🤖 AI Summary
This study investigates whether Matryoshka Representation Learning (MRL) is truly necessary for text embeddings to maintain effectiveness across varying truncation lengths. By systematically comparing MRL-trained and non-MRL-trained pretrained text encoders under identical truncation strategies across diverse downstream tasks, the authors find that non-MRL models achieve comparable or even superior performance to MRL models under light-to-moderate truncation (≤80% of the original sequence length). MRL demonstrates a clear advantage only under severe truncation. These findings challenge the prevailing assumption that MRL is essential for robustness to embedding truncation, suggesting instead that such robustness may stem from inherent properties of the underlying models rather than the MRL architecture itself.
📝 Abstract
Matryoshka Representation Learning (MRL) is a widely adopted approach for training text encoders so they provide useful text representations at various sizes, available by simply truncating the resulting vectors at sizes pre-determined at training time.
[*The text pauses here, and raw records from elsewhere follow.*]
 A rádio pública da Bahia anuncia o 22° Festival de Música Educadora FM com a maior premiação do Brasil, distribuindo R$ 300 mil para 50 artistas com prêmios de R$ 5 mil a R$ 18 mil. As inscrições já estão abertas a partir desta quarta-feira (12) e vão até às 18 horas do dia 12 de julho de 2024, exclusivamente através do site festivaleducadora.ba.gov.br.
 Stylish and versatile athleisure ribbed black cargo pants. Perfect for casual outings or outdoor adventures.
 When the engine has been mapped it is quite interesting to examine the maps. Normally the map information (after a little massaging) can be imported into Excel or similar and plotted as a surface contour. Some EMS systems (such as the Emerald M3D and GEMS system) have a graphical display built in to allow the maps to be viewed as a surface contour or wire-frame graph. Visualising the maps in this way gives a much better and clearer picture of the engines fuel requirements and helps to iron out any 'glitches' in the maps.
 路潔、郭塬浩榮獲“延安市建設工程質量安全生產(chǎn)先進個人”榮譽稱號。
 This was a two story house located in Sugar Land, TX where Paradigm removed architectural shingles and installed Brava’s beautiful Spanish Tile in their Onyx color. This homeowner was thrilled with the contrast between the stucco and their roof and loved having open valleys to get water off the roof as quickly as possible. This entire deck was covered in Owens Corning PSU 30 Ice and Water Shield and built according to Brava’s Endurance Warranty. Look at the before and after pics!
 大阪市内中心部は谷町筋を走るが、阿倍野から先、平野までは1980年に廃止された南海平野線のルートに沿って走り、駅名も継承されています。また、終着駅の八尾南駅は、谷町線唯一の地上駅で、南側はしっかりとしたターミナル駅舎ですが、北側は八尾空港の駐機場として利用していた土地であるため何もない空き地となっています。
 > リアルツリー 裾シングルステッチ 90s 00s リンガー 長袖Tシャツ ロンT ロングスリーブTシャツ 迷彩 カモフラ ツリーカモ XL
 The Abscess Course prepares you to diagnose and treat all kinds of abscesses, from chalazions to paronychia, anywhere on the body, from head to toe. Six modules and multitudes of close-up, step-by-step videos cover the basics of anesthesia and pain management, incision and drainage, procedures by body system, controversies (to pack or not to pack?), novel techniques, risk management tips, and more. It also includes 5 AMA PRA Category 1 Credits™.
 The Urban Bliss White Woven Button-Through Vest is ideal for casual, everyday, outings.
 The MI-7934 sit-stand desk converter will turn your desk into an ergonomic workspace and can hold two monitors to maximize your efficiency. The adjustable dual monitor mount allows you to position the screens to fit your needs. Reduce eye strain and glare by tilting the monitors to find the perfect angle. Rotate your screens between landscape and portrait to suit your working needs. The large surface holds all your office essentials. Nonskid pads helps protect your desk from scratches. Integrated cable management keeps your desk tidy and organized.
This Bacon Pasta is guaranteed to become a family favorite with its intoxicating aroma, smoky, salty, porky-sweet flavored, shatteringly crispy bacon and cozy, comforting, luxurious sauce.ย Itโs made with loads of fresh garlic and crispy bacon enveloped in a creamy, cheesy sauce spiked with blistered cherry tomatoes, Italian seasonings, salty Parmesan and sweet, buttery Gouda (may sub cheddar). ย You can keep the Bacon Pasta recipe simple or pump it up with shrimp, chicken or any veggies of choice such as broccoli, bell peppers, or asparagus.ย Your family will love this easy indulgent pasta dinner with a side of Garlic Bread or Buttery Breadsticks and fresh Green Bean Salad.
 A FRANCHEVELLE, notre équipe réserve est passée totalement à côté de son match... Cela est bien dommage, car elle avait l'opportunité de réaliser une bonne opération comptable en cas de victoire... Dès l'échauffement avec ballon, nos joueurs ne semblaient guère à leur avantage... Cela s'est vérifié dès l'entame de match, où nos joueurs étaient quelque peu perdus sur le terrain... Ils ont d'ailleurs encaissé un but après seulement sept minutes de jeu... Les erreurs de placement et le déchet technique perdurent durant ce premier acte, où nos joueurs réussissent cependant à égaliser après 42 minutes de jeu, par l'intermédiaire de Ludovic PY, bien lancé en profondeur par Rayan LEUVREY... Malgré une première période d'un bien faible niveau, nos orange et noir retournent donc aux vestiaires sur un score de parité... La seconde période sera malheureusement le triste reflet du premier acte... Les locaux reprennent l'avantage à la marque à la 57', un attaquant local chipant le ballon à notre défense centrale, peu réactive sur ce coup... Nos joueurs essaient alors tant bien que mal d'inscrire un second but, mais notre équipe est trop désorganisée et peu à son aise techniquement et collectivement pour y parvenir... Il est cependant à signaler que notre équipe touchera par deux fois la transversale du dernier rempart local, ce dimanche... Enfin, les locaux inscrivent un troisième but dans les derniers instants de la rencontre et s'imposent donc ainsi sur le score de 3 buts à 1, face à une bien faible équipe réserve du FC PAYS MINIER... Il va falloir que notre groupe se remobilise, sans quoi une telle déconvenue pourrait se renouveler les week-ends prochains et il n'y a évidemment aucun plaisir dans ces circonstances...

Recent works have shown that randomly truncating text embeddings has minimal impact in downstream performance unless vectors are reduced in size by at least 70%, suggesting that embeddings are already robust to truncation without the use of MRL. However, no prior work has compared random truncation to MRL, so it is unclear how the two methods compare as effective embedding reduction methods. In this paper, we study this by applying the same truncation used by MRL to models trained with and without MRL. Our results across several models and downstream tasks show that, unless heavily truncating embeddings (i.e. reducing their size by at least 80%), truncated embeddings of non-MRL models are competitive with, and often outperform models trained with MRL. This suggests that truncation robustness may not necessarily come from MRL, and that the choice of spending the additional training cost of MRL depends on whether heavy truncation is desired.